Fourteen years after its founding and with a misinformation landscape many magnitudes more dire than anyone could’ve predicted, the News Literacy Project will herald in a new CEO this summer, marking a transition in leadership but not a change in direction for the education-focused nonprofit.
On June 30, founder and CEO Alan Miller, a Pulitzer Prize-winning journalist, will step down, allowing Charles Salter to step into the top spot.
Salter, who currently serves as NLP’s president and chief operating officer, will bring his background in education—as a teacher, a principal, a superintendent, and a nonprofit leader—to the organization’s growing staff.
In 2008, when Miller started the News Literacy Project following a visit to his daughter’s sixth grade class, he thought news literacy would be an important skill for students and educators in the age of burgeoning social media and smartphones. Indeed, it would turn out to be even more critical than he anticipated.
Misinformation “has actually become one of the greatest—if not the greatest—challenges of our time,” says Miller in an interview with EdSurge reflecting on the organization’s history and trajectory. “It underscores everything else: immigration, climate change, public health. If we can’t agree on what a fact is—if the marketplace of ideas breaks down—then how are we ever going to achieve consensus to tackle the other great challenges of our time? How are we ever going to bridge the digital divide—the digital abyss—if we have different realities of a pandemic, of the outcome of an election, of a war in Ukraine with Russia?”
Miller added that, 14 years ago, if someone had told him that tens of millions of Americans would later believe and promote “absolutely discredited conspiratorial thinking”—and would be acting on it in ways that influenced public health decisions and the health of our democracy—he wouldn’t have believed it.
“In many ways, I feel like we went from being a voice in the wilderness to an answer to a prayer, particularly after the 2016 election,” he adds.

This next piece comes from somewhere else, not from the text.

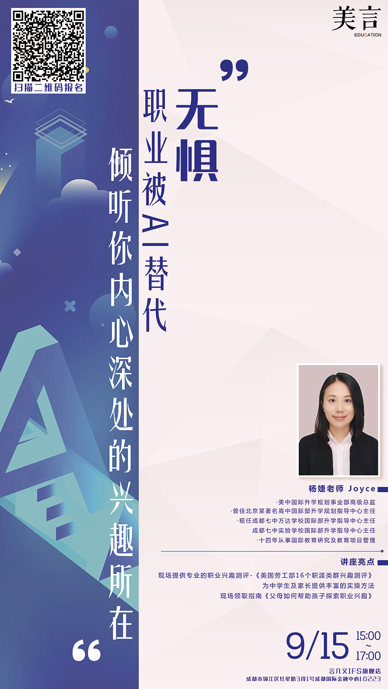 主讲:杨婕(美中国际升学规划事业部高级总监、现任成都七中万达学校国际部主任,十四年从事国际教育研究和教育管理)

From its inception, NLP has sought to be strictly nonpartisan, aiming to teach people how to think about the news and information they consume, not what to think about it, Salter explains. The organization has done that through a weekly email newsletter called the Sift, an online learning platform called Checkology, and other resources and programs that have together reached an estimated 2 million students in the last year and more than 50,000 educators in all 50 states and 120 countries.
A number of major events in recent years, including the 2016 presidential election in the U.S., have underscored the need for better news literacy—the COVID-19 pandemic and the riots at the Capitol on Jan. 6, 2021, chief among them. During that time, the News Literacy Project has gone from a niche nonprofit to a leader in a national effort to create a more discerning public, starting with its young people and educators.
Now, as disinformation and misinformation continue to distort facts and manipulate truth—the most recent example being as large-scale as Russia’s invasion of Ukraine—NLP has gathered some momentum.
In its first 14 years, the organization raised more than $35 million, from a combination of foundations, corporations, and major and small donors. It has also grown to employ 30 staff. In its next four years, NLP aims to raise $36 million and double in size to 60 staff. This summer alone, NLP hopes to hire for and fill 15 new positions.
Part of that expansion, which will be led by Salter, includes an effort to reach not only teachers and learners but the general public as well.
“We’re doing that through exponential growth of the organization and not stealing anything from education,” Salter explains. “We’re simply building a new half.”
As NLP evolves, it will continue its work in education and build out more programming on that side. One effort is to help more states adopt media literacy requirements, as Texas and Illinois have done. Others include plans to develop a graduate-level course that trains educators to teach news literacy and a national news literacy conference for educators and students.
“We’re going to take our practice to the next level with things we haven’t done—community building, training, certification,” Salter says.
On the general public side, the organization plans to create a platform that anyone can visit to check facts on major issues and current events and to learn more about how to evaluate news and discern credible from incredible information.
“Our goal now is to turn the mission into a national movement,” Miller says. “We want to change the way people share and consume information so there’s a much greater sense of personal responsibility. We want to change the culture, the way we’ve seen with smoking and drunk driving and littering. That is a key fact and key driver in the new plan for our organization.”
As Salter takes the helm this summer, Miller will stay on with the title of founder and serve full time for an additional year, primarily working to fundraise for NLP and advise Salter. He will remain on the board indefinitely, he says.
Salter, for his part, says that although he will usher in a period of dramatic growth and expansion for NLP, the staff and general public can expect stability and continuity under his leadership.
“My style of management and strategic planning and what I prioritize has slowly become the organization’s approach. I don’t think folks will see much of a difference,” he says. “There’s nothing I’m sitting on that’s going to radically change, no drastic culture shift or even a shift in our priorities, because those have melded together in the last four years.”